**Exercise directions**
Look through the entries below and copy exactly the part that begins with the line containing "Validation of the" and ends with the line containing "校优秀大学生; 校优秀共青团干部; SAP大赛三等奖;2016至2017学年度、2017至2018学年度获得国家励志奖学金。". Do not copy the pictures.

**Provided data**

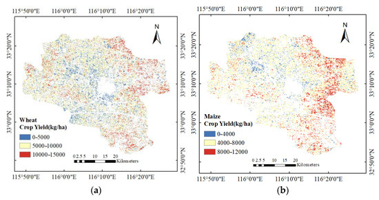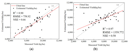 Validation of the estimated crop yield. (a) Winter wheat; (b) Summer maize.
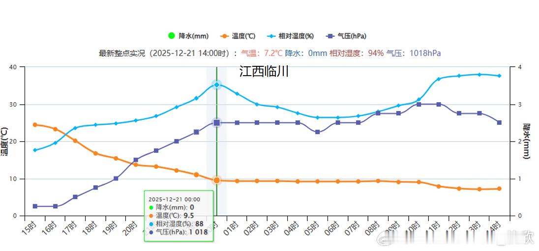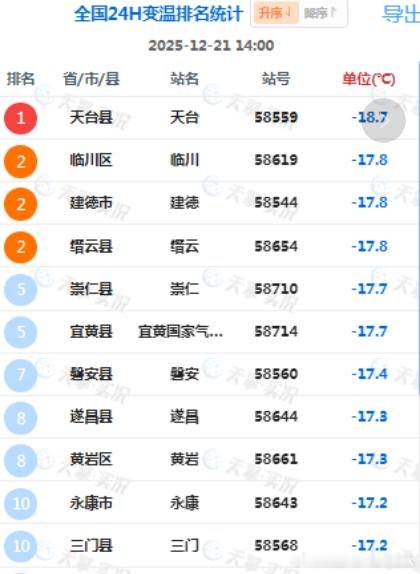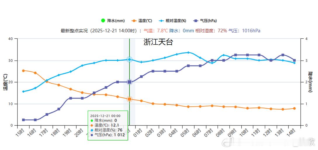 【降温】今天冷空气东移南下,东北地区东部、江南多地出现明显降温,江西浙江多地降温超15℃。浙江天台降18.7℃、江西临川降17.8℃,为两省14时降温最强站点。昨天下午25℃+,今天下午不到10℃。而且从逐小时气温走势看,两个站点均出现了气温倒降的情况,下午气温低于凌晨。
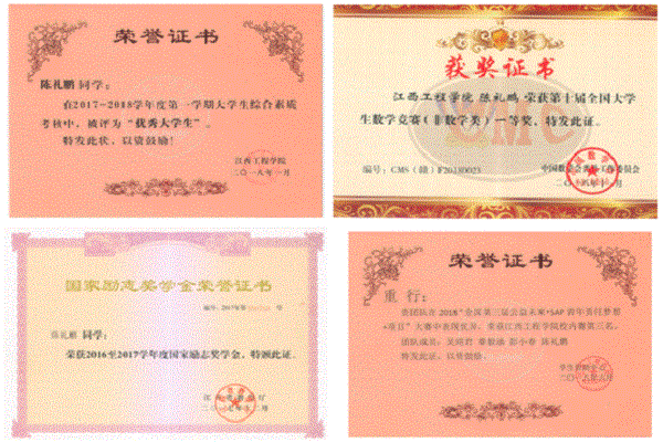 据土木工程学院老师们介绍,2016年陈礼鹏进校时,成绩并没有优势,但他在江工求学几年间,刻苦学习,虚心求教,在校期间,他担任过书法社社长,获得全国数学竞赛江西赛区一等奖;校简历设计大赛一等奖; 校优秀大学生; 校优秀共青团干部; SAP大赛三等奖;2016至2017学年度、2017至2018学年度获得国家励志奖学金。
* * *
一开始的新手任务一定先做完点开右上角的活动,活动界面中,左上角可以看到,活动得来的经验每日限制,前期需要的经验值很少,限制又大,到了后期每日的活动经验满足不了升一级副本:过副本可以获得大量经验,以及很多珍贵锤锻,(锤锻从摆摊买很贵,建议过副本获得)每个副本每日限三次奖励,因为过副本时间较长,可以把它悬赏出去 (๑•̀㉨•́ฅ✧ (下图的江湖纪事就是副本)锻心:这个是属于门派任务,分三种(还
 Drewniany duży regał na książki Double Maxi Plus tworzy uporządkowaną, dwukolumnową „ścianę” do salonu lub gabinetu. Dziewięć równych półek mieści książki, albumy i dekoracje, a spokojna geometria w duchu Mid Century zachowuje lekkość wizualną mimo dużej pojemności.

**Answer area**
 Validation of the estimated crop yield. (a) Winter wheat; (b) Summer maize.
 【降温】今天冷空气东移南下,东北地区东部、江南多地出现明显降温,江西浙江多地降温超15℃。浙江天台降18.7℃、江西临川降17.8℃,为两省14时降温最强站点。昨天下午25℃+,今天下午不到10℃。而且从逐小时气温走势看,两个站点均出现了气温倒降的情况,下午气温低于凌晨。
 据土木工程学院老师们介绍,2016年陈礼鹏进校时,成绩并没有优势,但他在江工求学几年间,刻苦学习,虚心求教,在校期间,他担任过书法社社长,获得全国数学竞赛江西赛区一等奖;校简历设计大赛一等奖; 校优秀大学生; 校优秀共青团干部; SAP大赛三等奖;2016至2017学年度、2017至2018学年度获得国家励志奖学金。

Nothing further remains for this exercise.